11 Feb 2025 04:11 PM
Hi!
I have a values-type metric. I'd like to display a timeseries that only counts datapoints whose value is greater than (or less than) an arbitrary value. I don't want to filter an aggregation, but analyze each value and remove the ones I don't want.
How can I achieve this?
Thanks for your help!
13 Feb 2025 07:53 AM
I am not sure if I got the requirement correctly. Here are my thought:
To get timeseries (cpu usage in my example) where at least one value is greater the predefined threshold iAny function can help
timeseries cpu=avg(dt.host.cpu.usage), by: {dt.entity.host}
| filter iAny(cpu[]>80)
and to see in the final result only datapoint matching this conditions "iterative expression" is useful:
timeseries cpu=avg(dt.host.cpu.usage), by: {dt.entity.host}
| filter iAny(cpu[]>80)
| fieldsAdd cpu = if(cpu[]>80, cpu[])
17 Feb 2025 04:09 PM
Hi @krzysztof_hoja !
Thanks for your help. But you are filtering the result of avg(dt.host.cpu.usage). I would like to filter each data point independently before any aggregation. I would like to build response time SLO for example 🙂 I can do it easily with fetch logs but I can't find a solution with the timeseries command ...
18 Feb 2025 08:43 PM
You cannot find it, because it does not exists in generic case for timeseries 🙂
I used dt.host.cpu.usage with breakdown by host sort of on purpose. Let's consider this query:
timeseries { cpu=avg(dt.host.cpu.usage), cpu_t=sum(dt.host.cpu.usage, rollup:total) } , by: {dt.entity.ec2_instance, dt.entity.host}
| filter dt.entity.host == "HOST-937E3C790B64E8B5"

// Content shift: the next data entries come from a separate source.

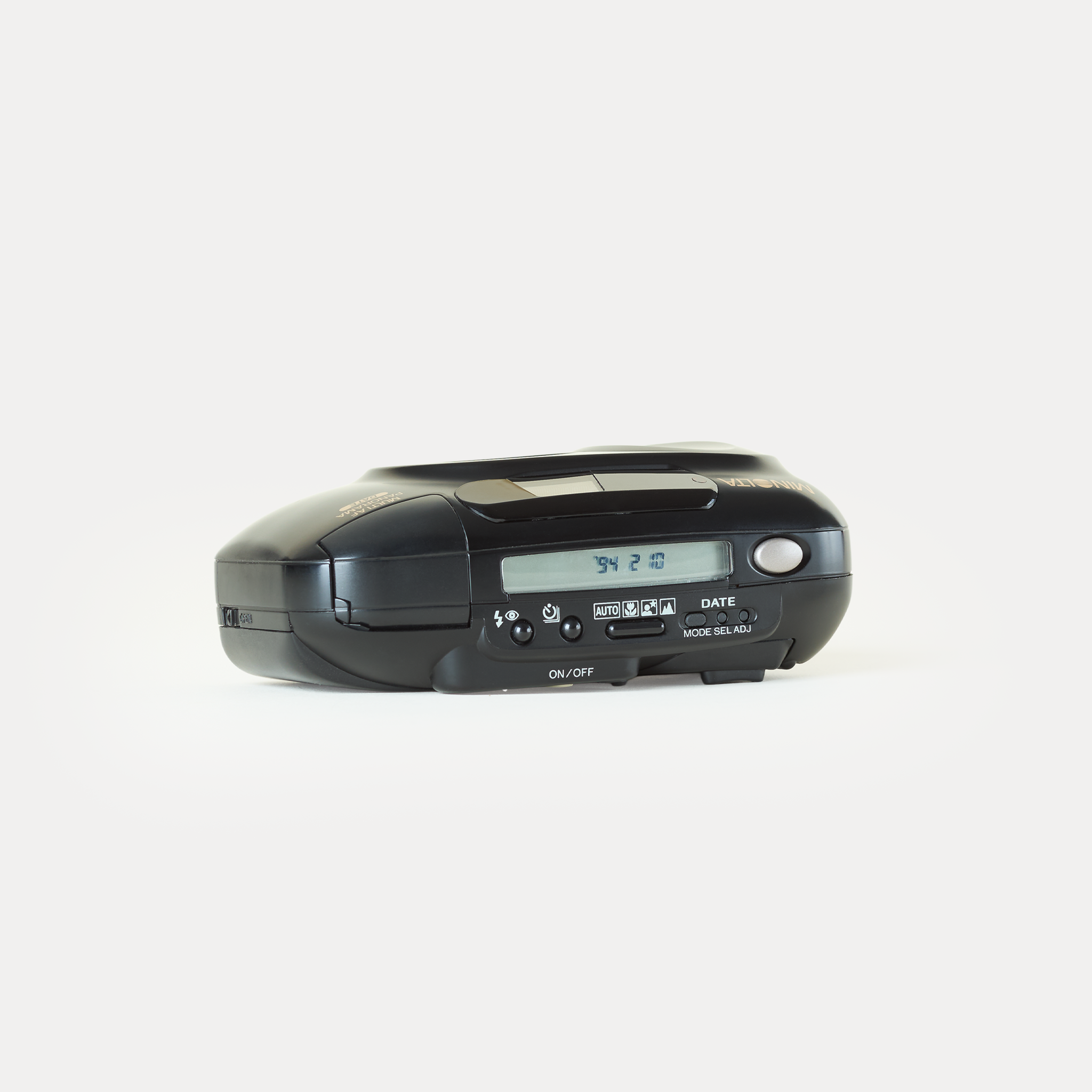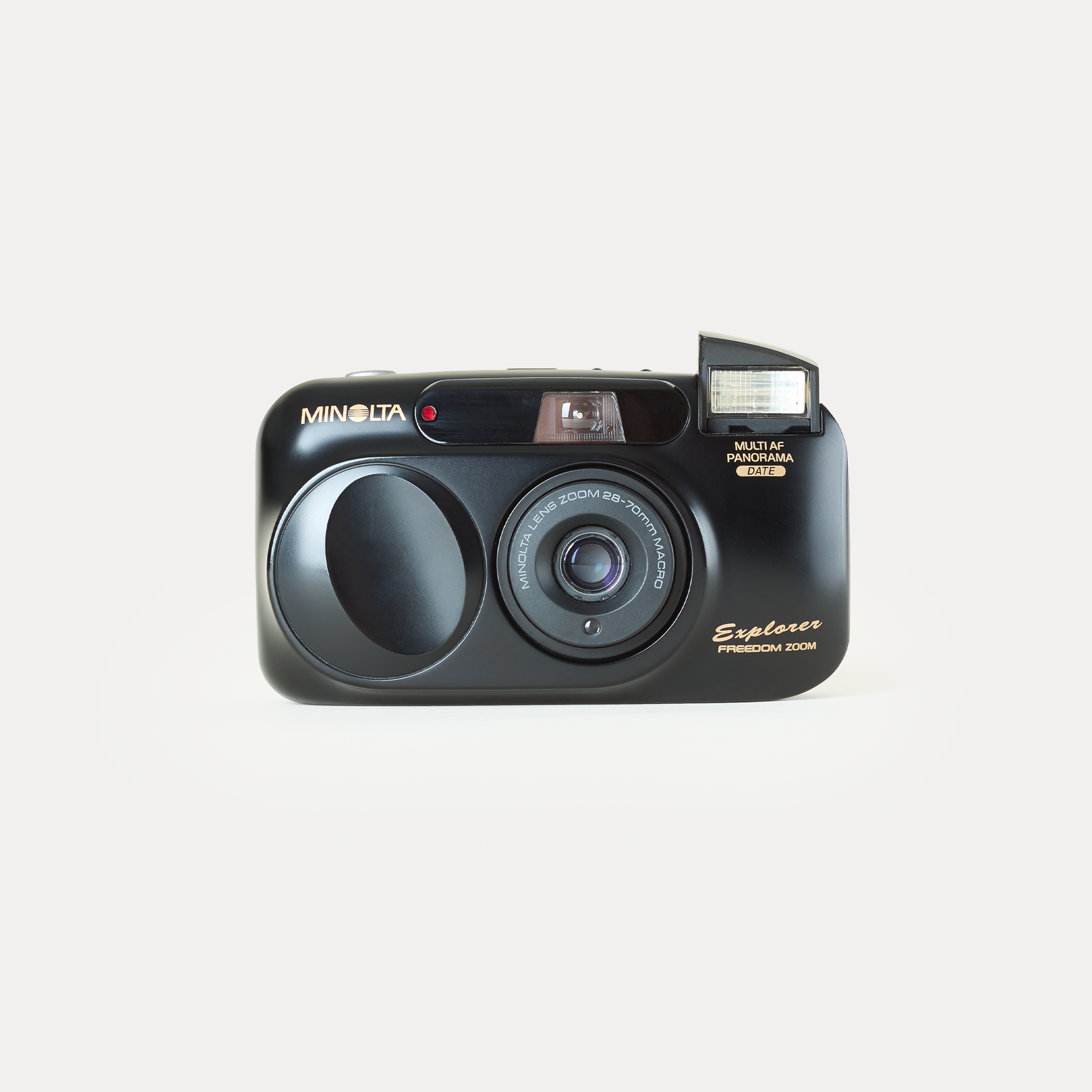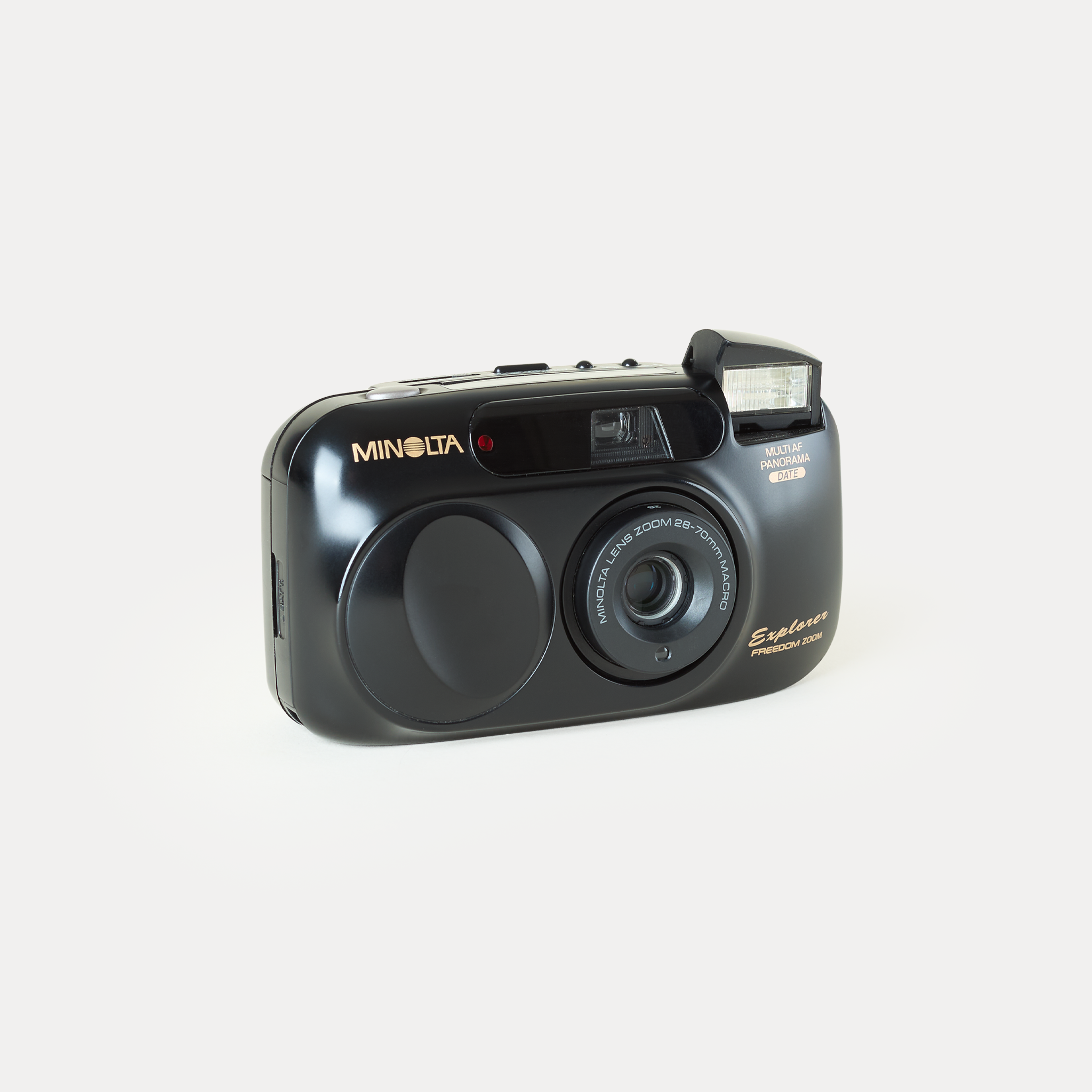The Minolta Explorer Freedom Zoom is a straightforward 35mm point-and-shoot made for easy, everyday shooting. Its built-in zoom lens covers wide scenes through tighter portraits, while autofocus and auto exposure keep things quick and reliable for travel, parties, and casual carry.
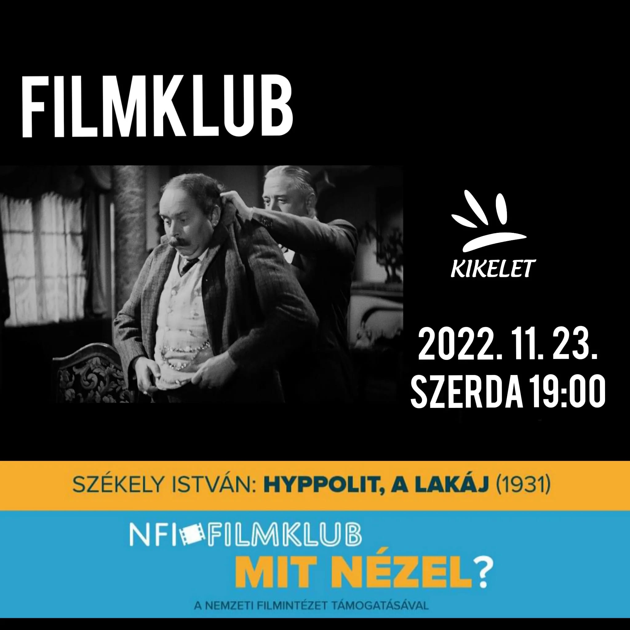 Székely István: Hyppolit, a lakáj című filmet fogjuk vetíteni, a Nemzeti Filmintézet támogatásával.
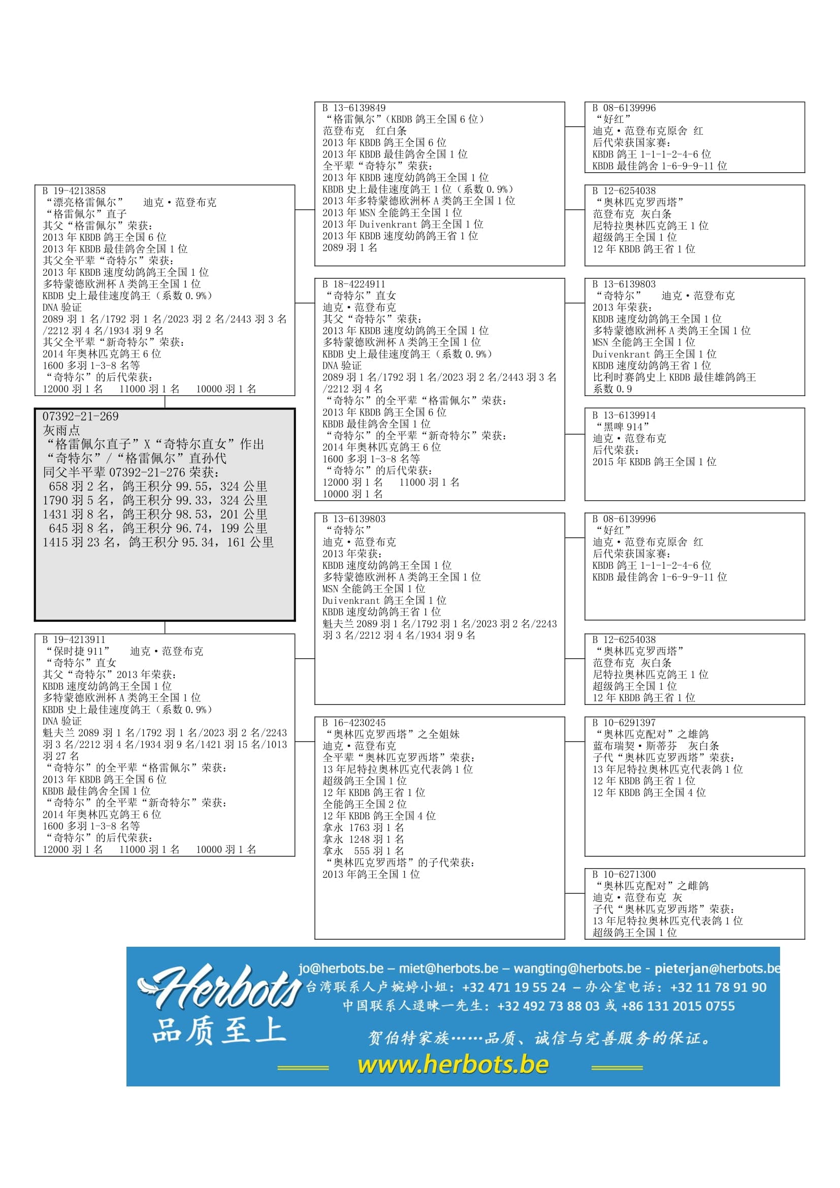 KBDB鸽王全国15位), “金粉” (作出 NPO鸽王全国3位), “黄金奇特尔” (作出 KBDB鸽王全国16位)
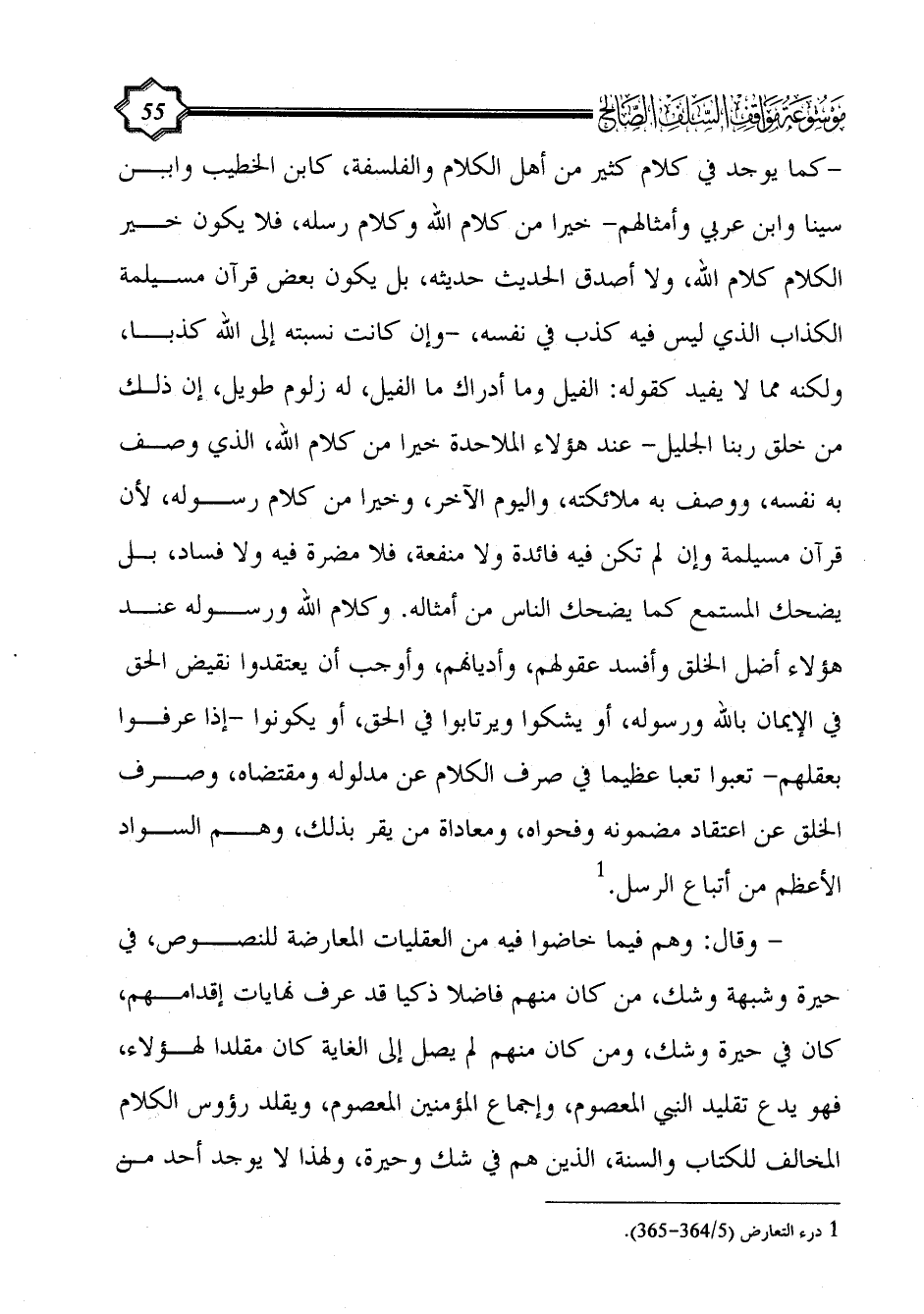 -كما يوجد في كلام كثير من أهل الكلام والفلسفة، كابن الخطيب وابن سينا وابن عربي وأمثالهم- خيرا من كلام الله وكلام رسله، فلا يكون خير الكلام كلام الله، ولا أصدق الحديث حديثه، بل يكون بعض قرآن مسيلمة الكذاب الذي ليس فيه كذب في نفسه، -وإن كانت نسبته إلى الله كذبا، ولكنه مما لا يفيد كقوله: الفيل وما أدراك ما الفيل، له زلوم طويل، إن ذلك من خلق ربنا الجليل- عند هؤلاء الملاحدة خيرا من كلام الله، الذي وصف به نفسه، ووصف به ملائكته، واليوم الآخر، وخيرا من كلام رسوله، لأن قرآن مسيلمة وإن لم تكن فيه فائدة ولا منفعة، فلا مضرة فيه ولا فساد، بل يضحك المستمع كما يضحك الناس من أمثاله. وكلام الله ورسوله عند هؤلاء أضل الخلق وأفسد عقولهم، وأديانهم، وأوجب أن يعتقدوا نقيض الحق في الإيمان بالله ورسوله، أو يشكوا ويرتابوا في الحق، أو يكونوا -إذا عرفوا بعقلهم- تعبوا تعبا عظيما في صرف الكلام عن مدلوله ومقتضاه، وصرف الخلق عن اعتقاد مضمونه وفحواه، ومعاداة من يقر بذلك، وهم السواد الأعظم من أتباع الرسل. (¬1)
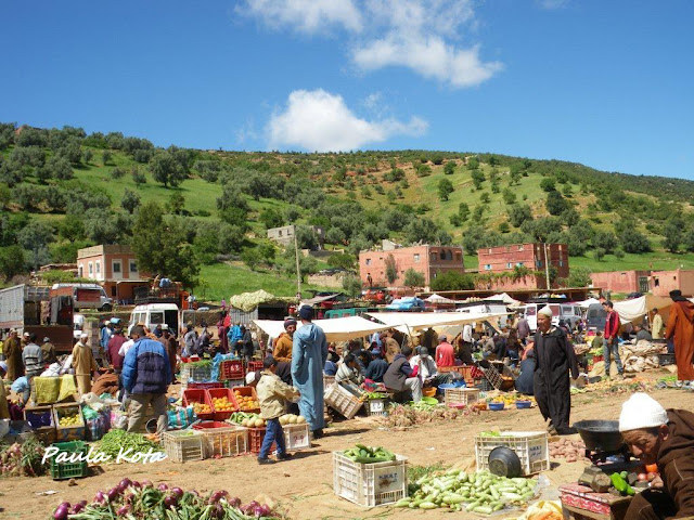 Paro numa pequena aldeia. Estou com fome. Uma mercearia tem um balcão cheio de croissants a piscar-me o olho. Pergunto o preço – 1 dirham – Cara de espantada. O rapaz a medo repete – 1 dirham – como se fosse muito caro. Compro dois. Na cidade já dei 3 dirhams por um bolo. Até por aqui, no campo, a qualidade de vida é melhor.
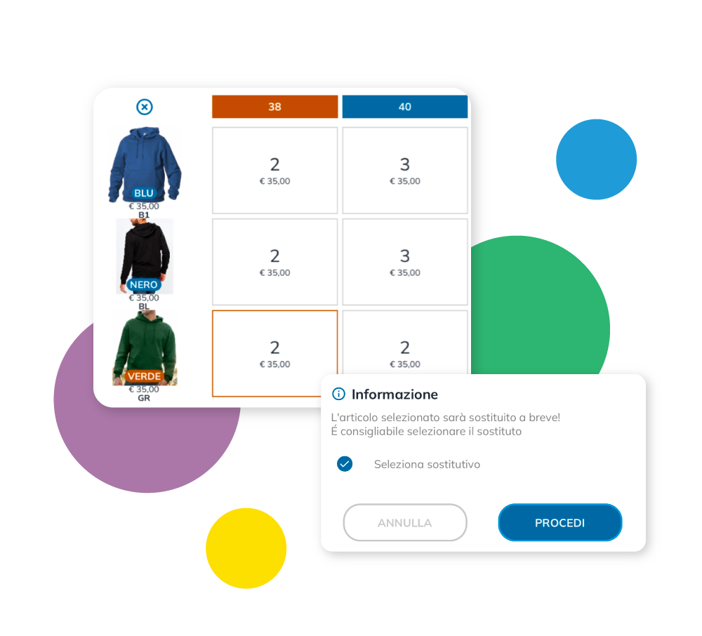 Una volta inserito un articolo, comparirà una tabella dalla quale sarà possibile selezionare taglia, colore e modello, comprese le eventuali variazioni di prezzo aggiornate automaticamente.
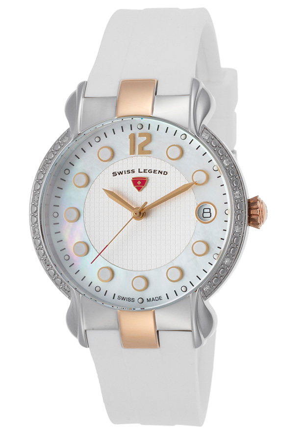Stainless steel case with a white silicone strap. Fixed stainless steel bezel set with 12 diamonds. White mother of pearl dial with rose gold-tone hands and dot hour markers. An Arabic numeral appears at the 12 o'clock position. Minute markers around the outer rim. Dial Type: Analog. Luminescent markers. Date display at the 3 o'clock position. ISA caliber 2331/110 quartz movement. Scratch resistant Sapphitek crystal. Pull / push crown. Screw down stainless steel case back. Case size: 35 mm. Case thickness: 10 mm. Round case shape. Band width: 16 mm. Band length: 7.75 inches. Tang clasp. Water resistant at 100 meters / 330 feet. Functions: date, hour, minute, second. Sport watch style. Watch label: Swiss Made. Swiss Legend Layla Ladies Watch 16591SM-SR-02-WHT.
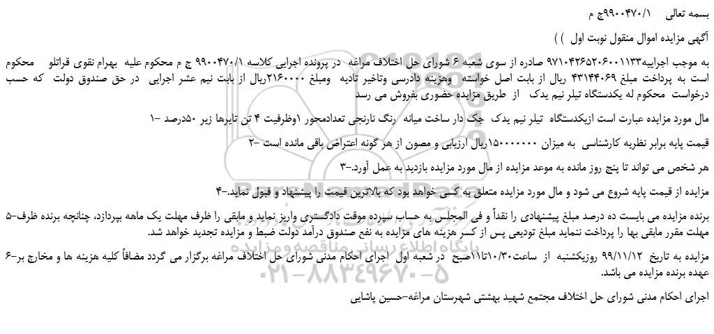 به موجب اجراییه97104265206001133 صادره از سوی شعبه 6 شورای حل اختلاف مراغه  در پرونده اجرایی کلاسه 9900470/1 ج م محکوم علیه  بهرام نقوی قراتلو    محکوم است به پرداخت مبلغ 43144069 ریال از بابت اصل خواسته  وهزینه دادرسی وتاخیر تادیه  ومبلغ 2160000ریال از بابت نیم عشر اجرایی  در حق صندوق دولت  که حسب درخواست  محکوم له یکدستگاه تیلر نیم یدک   از  طریق مزایده حضوری بفروش می رسد
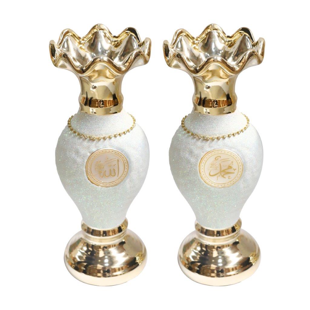 ديكور سيراميك إسلامي مصنوع من الذهب باسم الله محمد مجموعة من قطعتين 33 سم
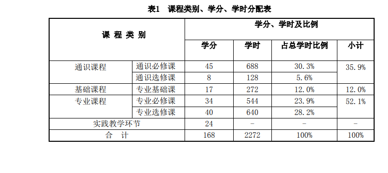 八、课程结构及学时、学分分配 本专业课程结构由必修课程(通识必修课程、专业基础课程、专业课程)和选修课程及 实践性教学环节构成。其课程结构、教学周数与学分分配分别见表1、表2。
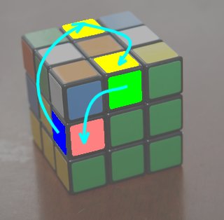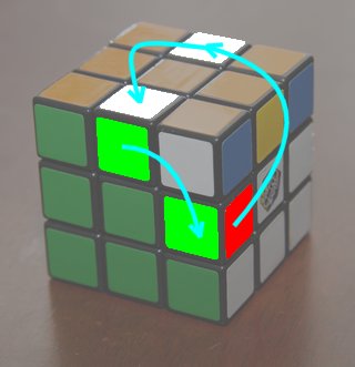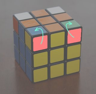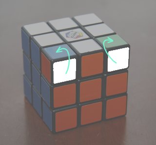 | La rotation des sommets peut nécessiter jusqu'à 3 exécution du prochain algorithme. Si 2 sommets opposés sont à tourner, aligner les sommets en tournant la face gauche ou droite d'un 1/4 de tour. | ![]() |
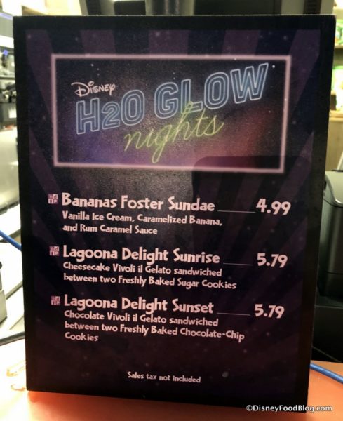 Disclosure: In nearly all circumstances, Disney Food Blog writers and photographers pay full price for their own travel, hotel, food, beverage, and event tickets. We do this because it’s important to us as journalists to ensure not only that we give you unbiased opinions, but also that you can trust us to do so since we’re paying our own way. On rare occasions, when we are invited by a company to attend a preview as media, and when we choose to accept that invitation, we will always make you, our readers, aware of that situation. We were invited to experience H2O Glow Nights. However, the food items we ate were purchased by Disney Food Blog. Note that when we attend events as media we are 1) Not required to review that event/food on any of our channels, and 2) Not required to review that event/food favorably. You can always count on DFB to give you a 100% unbiased and honest review of any event that we attend, food that we eat, or beverage that we drink. You can see more in our Disclosure Policy. Thank you for reading. — AJ

Besides plain average I added second timeseries: sum with rollup:total. This additional metric will tell us how many contributions aka raw measurement happened. Result looks like this:
The value of cpu_t is constantly 6 every minute because reading of cpu usage for host happens every 10 sec. But this individual measurement are not stored. What is stored and is in fact most granular "data point" is statistical description of what happened containing in basic case 4 values: min, max, sum and count (sum and count allows to calculate average). From this compounds bigger aggregates can be calculated like for host groups or for longer intervals.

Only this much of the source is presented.